I bought this fish a few months ago as a "black piranha" and after searching around the ID forum i thought i had a baby rhom.

But now after seeing a few pics of other member's compressus' i think i may be mistaken. I know the pics suck but he isn't very cooperative, and its difficult to take pics becase the tank is up against a wall

Thanks









here you go.

View attachment 51154


View attachment 51155


View attachment 51156


View attachment 51157


View attachment 51158


----------



## William's (Aug 23, 2004)

I am not an expert but I think I see some "bars" and the mouth is pointed upward a lot as I have seen on a lot of Compressus here on the forum.

I think you are right thinking it is an S .Compressus

greetz


----------



## waspride (Jun 13, 2004)

Anyone else?


----------



## mashunter18 (Jan 2, 2004)

Cant tell from the pictures..

Do you see the bars??Thats usually the giveaway.

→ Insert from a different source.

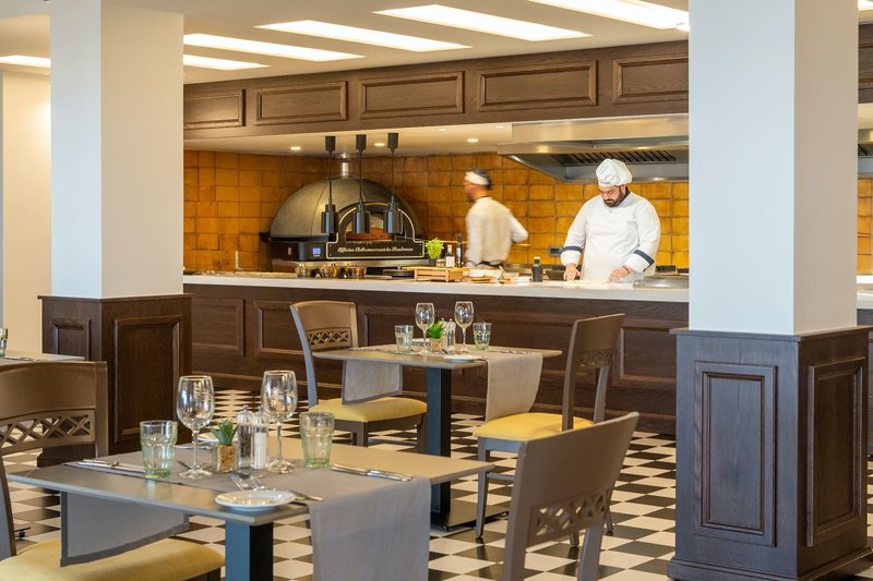 All Inclusive: Frühaufsteher-Frühstück (5-7 Uhr), Frühstück (7:30-10:15 Uhr), Mittag- (12:30-14:30 Uhr) und Abendessen (18:30-21:30 Uhr/Juni-September 19-22 Uhr) in Buffetform. 2x pro Woche ist das Abendessen in den À-la-carte-Restaurants inklusive (Reservierung erforderlich). Im italienischen Restaurant spätes Frühstück (10:30-11:30 Uhr, Reservierung erforderlich) und Mittagessen (12:30-15:30 Uhr) sowie Kaffee und Gebäck (16-17 Uhr). Snacks an der "Helios" Poolbar sowie der "Anatoli Ouzo Bar" von 10-18 Uhr (Mai-September, wetterabhängig). Ein Foodtruck mit griechischem Streetfood bietet wetterabhängig von Juni bis September Souvlaki, Gyros und ausgewählte Snacks an (10:30-18:30 Uhr). Lokale und internationale alkoholische und alkoholfreie Getränke sowie Long Drinks und Cocktails von 10-23:45 Uhr an den jeweils geöffneten Bars. Themenabende werden mehrmals wöchentlich angeboten.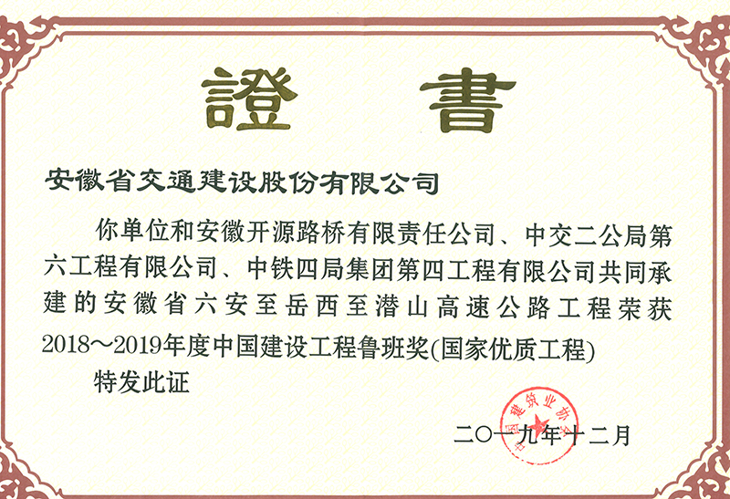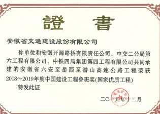2018~2019年度國家優(yōu)質(zhì)工程獎

try to get a better side shot, or if you see the bars you will know.Compressus and altuvi are very similar.

In my opionion the most underated serra species out there.

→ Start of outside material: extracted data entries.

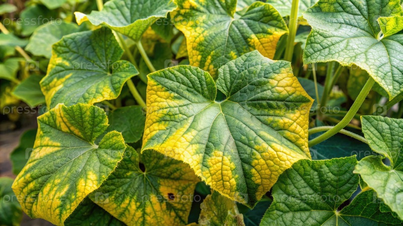 Ближайшее изображение желтовавших листьев огурцов в саду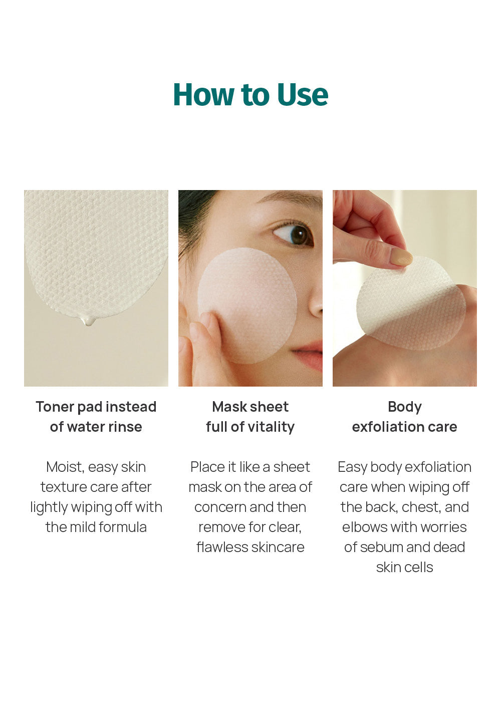 Gently wipe the face with the soft side of the pad. Use the embossed side of the pad to remove residual impurities on areas such as the bridge of the nose, the forehead, and the chin.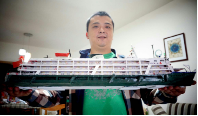 ▲ 长江船舶爱好者王轩和他制作的“江渝4”号客轮模型。此船换色改名后,现收藏于奉节县诗城博物馆
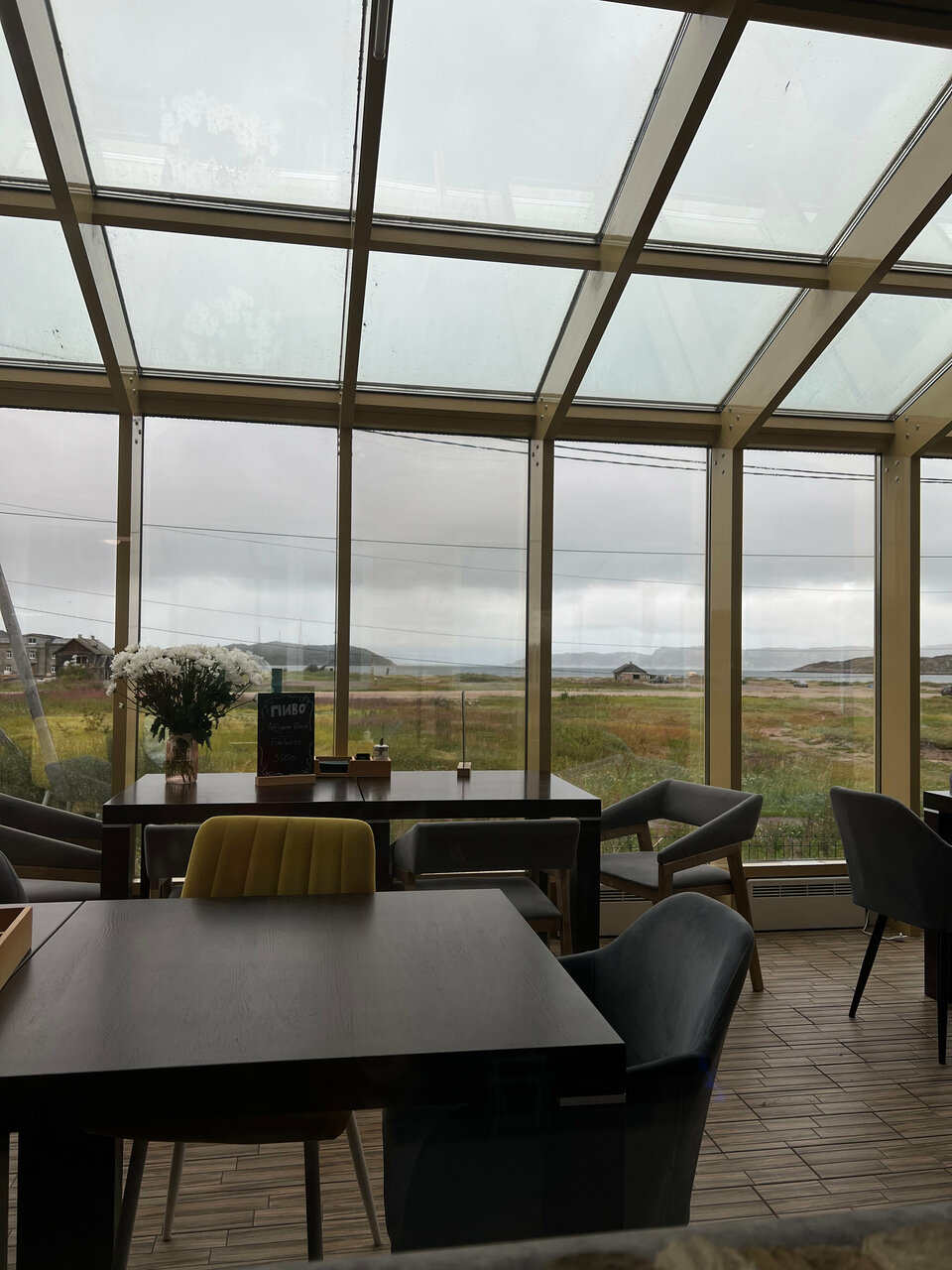 Топовые завтраки и обеды. Лучше, чем в ряде других мест Териберки. Вид из окна на веранде — огонь!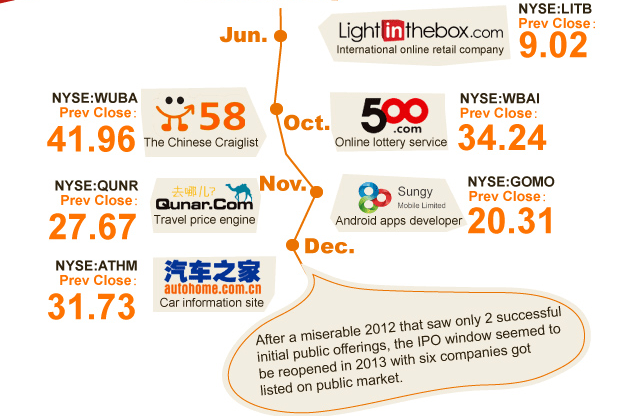 I’ll start with the not so bad part. Just so you know, 2012 was a dud for both the startup and venture capital world with only two startups made it to the public market — YY(NASDAQ:YY) and VIPShop(NYSE:VIPS). The gloomy picture was mostly painted by the sustained worldwide economic downturn and worries over accounting fraud that dogged and derailed several China concept stocks over the past two years. Now in 2013 that picture – which apparently was put upside down — turned around and turned out to be a masterpiece. We have six companies, including 58(NYSE:WUBA), 500Wan(NYSE:WBAI), AutoHome(NYSE:ATHM), Lightinthebox(NYSE:LITB), SUNGYMobile(NASDAQ:GOMO) and Qunar(NASDAQ:QUNR), successfully pulled off long-awaited IPO.

opefe link has the best pictures of the bars under compressus info.


----------



## waspride (Jun 13, 2004)

mashunter18 said:


> Cant tell from the pictures..
> 
> Do you see the bars??Thats usually the giveaway.
> 
> ...


Mine does look quite a bit like this one off of OPEFE:

View attachment 51206


----------



## b_ack51 (Feb 11, 2003)

The second picture, very unclear but appears to have the bars that go with Compressus. So I'd say compressus until better more clear pics.


----------



## Husky_Jim (May 26, 2003)

The fish indeed presents elongaded spots but pics are to poor to make a positive id..........


----------



## hastatus (Jan 16, 2003)

Photo is of no use except that it is a Serrasalmus species.


----------



## xplosivelikec4 (May 10, 2004)

does it look like this...


----------



## waspride (Jun 13, 2004)

Ill post another thread when i get some better pictures.


----------